Januar 17th, 2019  |  Published in Internet & Blogothek, Politik, Rassismus & Menschenrechte, Recht & Gericht

Dieses Bild wurde eingeklagt. (Bild: SVP)Roma-Organisation und GfbV begrüßen Verurteilung der Jungen SVP Bern wegen Rassismus

Am Montag hat das Regionalgericht Bern-Mit­tel­land die bei­den Co-Prä­si­den­ten der Jungen SVP des Kantons Bern, Nils Fiechter und Adrian Spahr, we­gen einem Ver­stoß gegen die Ras­sis­mus-Straf­norm ver­ur­teilt. Das Urteil zeigt, dass solch gra­vie­rende Fäl­le von Rassis­mus gegen Roma im Kanton Bern nicht to­le­riert werden.
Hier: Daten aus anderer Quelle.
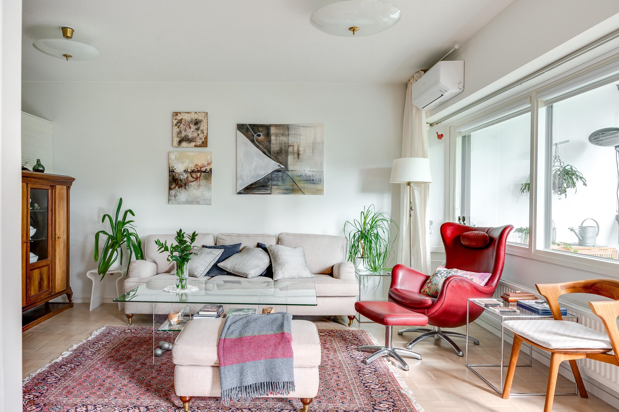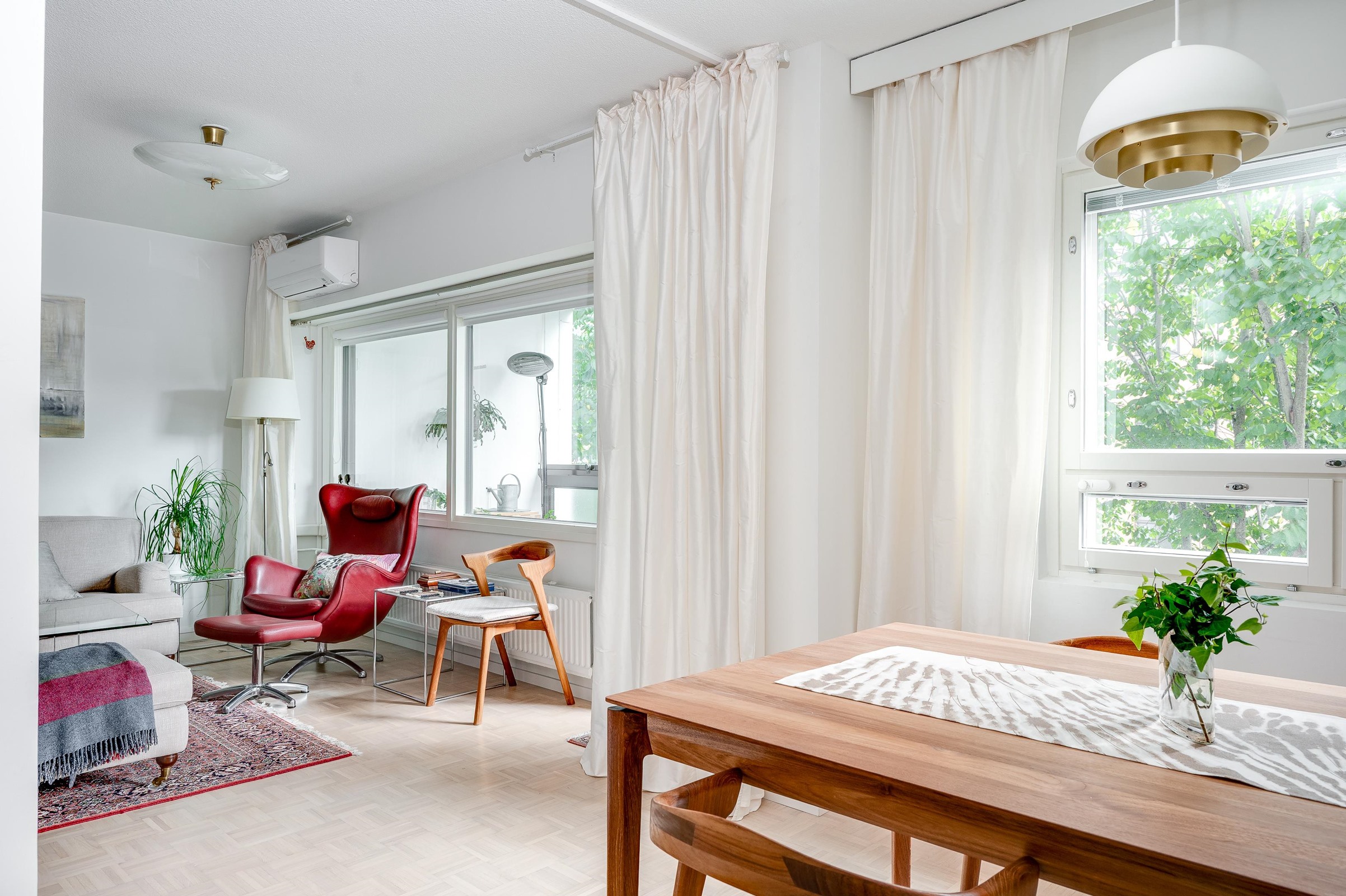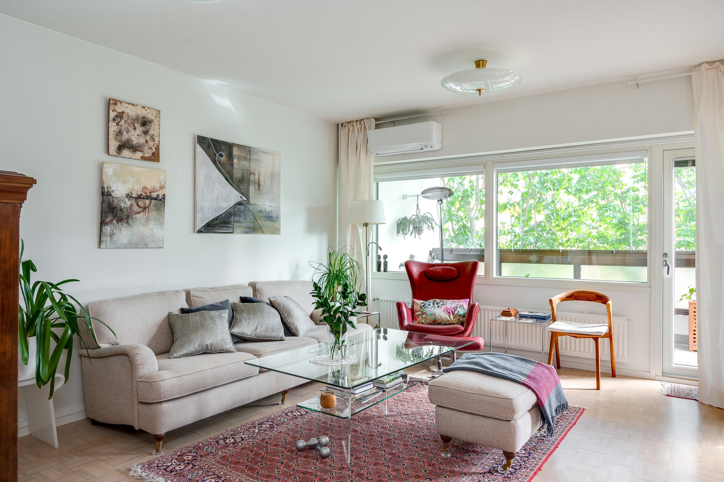 Kuumimpiin kesähelteisiin on varauduttu tässä huoneistossa hyvin, sillä huoneistoon on asennettu ilmalämpöpumppu vuonna 2024.

„Es ist beruhigend, dass im Kanton Bern eine Partei wie die Junge SVP nicht un­gestraft Wahl­kampf auf Kos­ten von Min­der­heiten wie der Roma be­trei­ben darf“, sagt Stefan Heinichen vom Verband Sinti und Roma Schweiz (VSRS) zum heu­ti­gen Urteil der Gerichts­prä­siden­tin Bettina Bochsler. Der VSRS hatte eine Straf­anzeige wegen Ver­let­zung der Rassis­mus-Straf­norm ge­gen die Junge SVP des Kan­tons Bern ein­ge­reicht (wir berich­te­ten). Grund war ein Face­book-Post im Rah­men der JSVP-Wahl­kampagne, der die Min­der­heiten der Sinti und Roma auf pau­scha­li­sie­ren­de Weise herab­setz­te. Die Gesell­schaft für be­drohte Völker (GfbV) unter­stütz­te die Straf­anzeige. Die Berner Staats­anwalt­schaft teilte die Mei­nung des VSRS und der GfbV und ver­urteilte die beiden Co-Prä­sidenten mit­tels Straf­befehls wegen Rassen­dis­krimi­nie­rung. Weil sie die Strafe nicht ak­zeptier­ten, er­hoben sie Ein­sprache ge­gen den Straf­befehl. Ohne Erfolg: Die Strafe wur­de durch das Regional­gericht Bern-Mit­telland be­stä­tigt. „Wir sind be­frie­digt, dass in diesem Fall die Rassis­mus-Straf­norm an­ge­wen­det wird“, sagt Angela Mattli von der Ge­sell­schaft für bedrohte Völker. „Das Urteil zeigt, dass die Berner Justiz Anti­ziganismus ernst nimmt und ent­spre­chend sank­tio­niert.“

Zur Publikation

Die Junge SVP Kanton Bern veröffentlichte am 21. Februar 2018 auf ih­rer Facebook-Sei­te im Rah­men ihrer Wahl­kampagne für den Groß­rat einen Ein­trag, der als rassis­tisch zu wer­ten ist. Der Aufruf „JSVP-Kan­didaten wäh­len – Transit­platz für Zigeuner ver­hindern!“ mach­te deut­lich, dass ein Transitplatz für fah­rende Sinti und Roma ihrer Mei­nung nach „schäd­lich“ sei. Gleich­zeitig wurde mit ei­ner Illustration sug­ge­riert, dass „Zigeuner“ pau­schal schmutzig sind, zu Krimi­na­lität neigen, ihre Fäkalien über­all hin­ter­lassen und die öf­fent­liche Ord­nung nach­hal­tig stören.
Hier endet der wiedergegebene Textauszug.